MATERIAL FOR THIS TASK section start

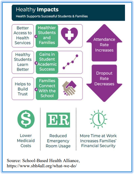 A United States Department of Health and Human Services study indicates that teens are more comfortable accessing health-based services through school-based clinics in one location. The benefits of such clinics in schools serve to help build social skills, leadership, self-awareness, and caring connections to adults and the school community. These centers also improve truancy and disciplinary problems.
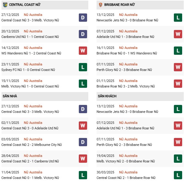 - Trên sân nhà, Nữ Central Coast thắng 1, thua 1 trước Nữ Brisbane Roar.
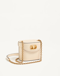 Valentino Garavani Vain vanity bag in shiny calfskin with metallic VLogo Signature detail. The bag can be carried by hand using the handle or worn crossbody using the chain, both of which are detachable. - Hardware in antique gold tone finish - Magnetic closure with VLogo in antique brass finish - Nappa lining. Interior: slip pocket - Chain drop length: 55 cm / 21.7 in.; handle drop length: 12 cm / 4.7 in. - Dimensions: W16xH13xD8.5 cm / W6.3xH5.1xD3.3 in. - Made in Italy This product contains magnets. Please consider if this product will be worn within 15 cm from any implanted device. Any concerns please contact your healthcare professional. Product code: 7W2B0R95GCB_REN
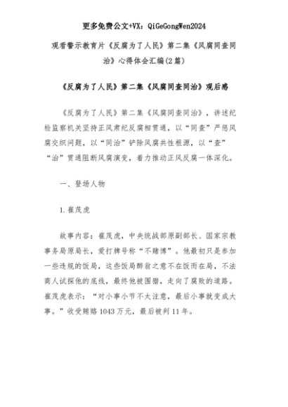 【七哥公文】2025年:(2篇)观看警示教育片《反腐为了人民》第二集《风腐同查同治》心得体会汇编+更多免费公文+VX:QiGeGongWen2024+更多免费公文+VX:QiGeGongWen2024
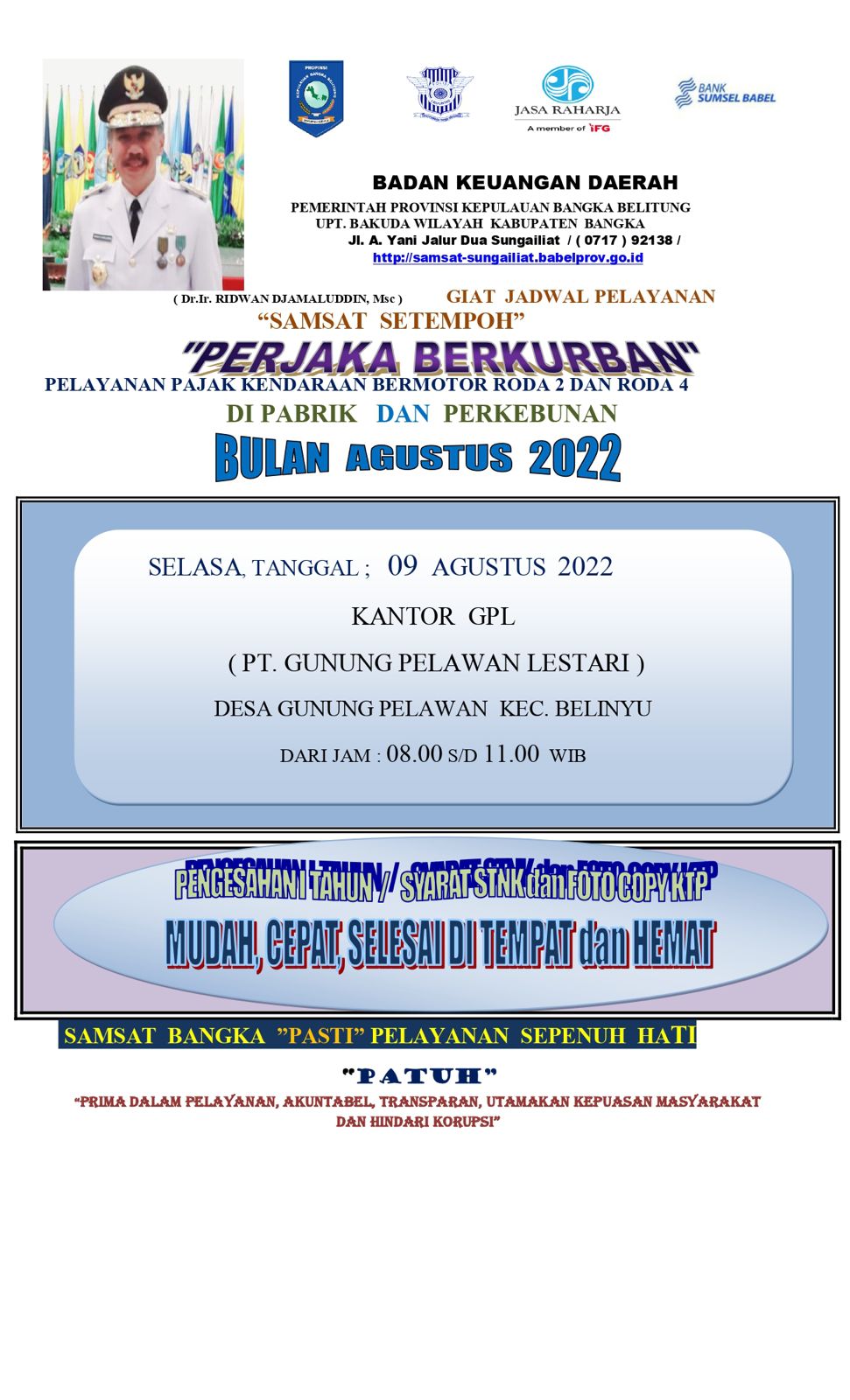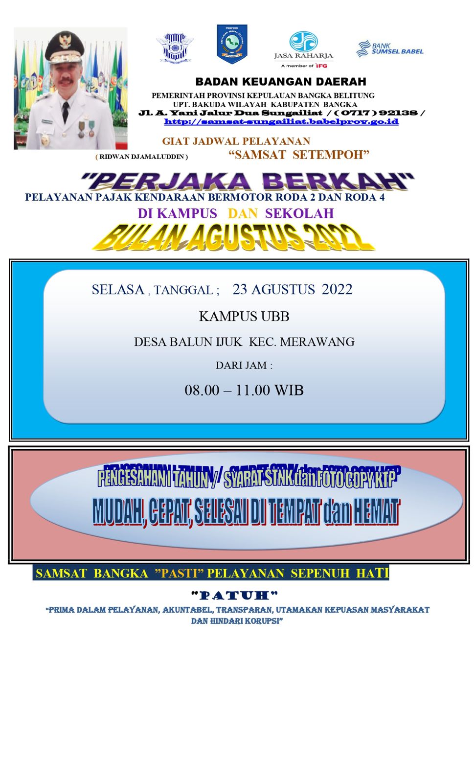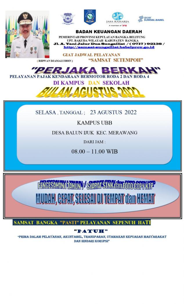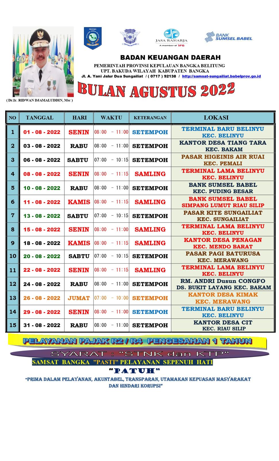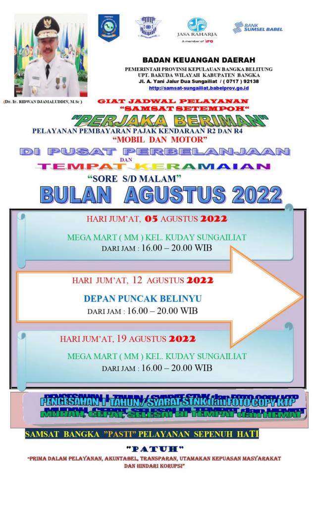 Jadwal Samling, Samsat Setempoh, Perjaka Beriman, Perjaka Berkah & Perjaka Berkurban Bulan Agustus 2022.#PATUHSAMSATBANGKA

MATERIAL FOR THIS TASK section end

= WORK TASK =
Retype each record exactly as it appears above and drop the images.

= ANSWER TO THIS EXERCISE =
 A United States Department of Health and Human Services study indicates that teens are more comfortable accessing health-based services through school-based clinics in one location. The benefits of such clinics in schools serve to help build social skills, leadership, self-awareness, and caring connections to adults and the school community. These centers also improve truancy and disciplinary problems.
 - Trên sân nhà, Nữ Central Coast thắng 1, thua 1 trước Nữ Brisbane Roar.
 Valentino Garavani Vain vanity bag in shiny calfskin with metallic VLogo Signature detail. The bag can be carried by hand using the handle or worn crossbody using the chain, both of which are detachable. - Hardware in antique gold tone finish - Magnetic closure with VLogo in antique brass finish - Nappa lining. Interior: slip pocket - Chain drop length: 55 cm / 21.7 in.; handle drop length: 12 cm / 4.7 in. - Dimensions: W16xH13xD8.5 cm / W6.3xH5.1xD3.3 in. - Made in Italy This product contains magnets. Please consider if this product will be worn within 15 cm from any implanted device. Any concerns please contact your healthcare professional. Product code: 7W2B0R95GCB_REN
 【七哥公文】2025年:(2篇)观看警示教育片《反腐为了人民》第二集《风腐同查同治》心得体会汇编+更多免费公文+VX:QiGeGongWen2024+更多免费公文+VX:QiGeGongWen2024
 Jadwal Samling, Samsat Setempoh, Perjaka Beriman, Perjaka Berkah & Perjaka Berkurban Bulan Agustus 2022.#PATUHSAMSATBANGKA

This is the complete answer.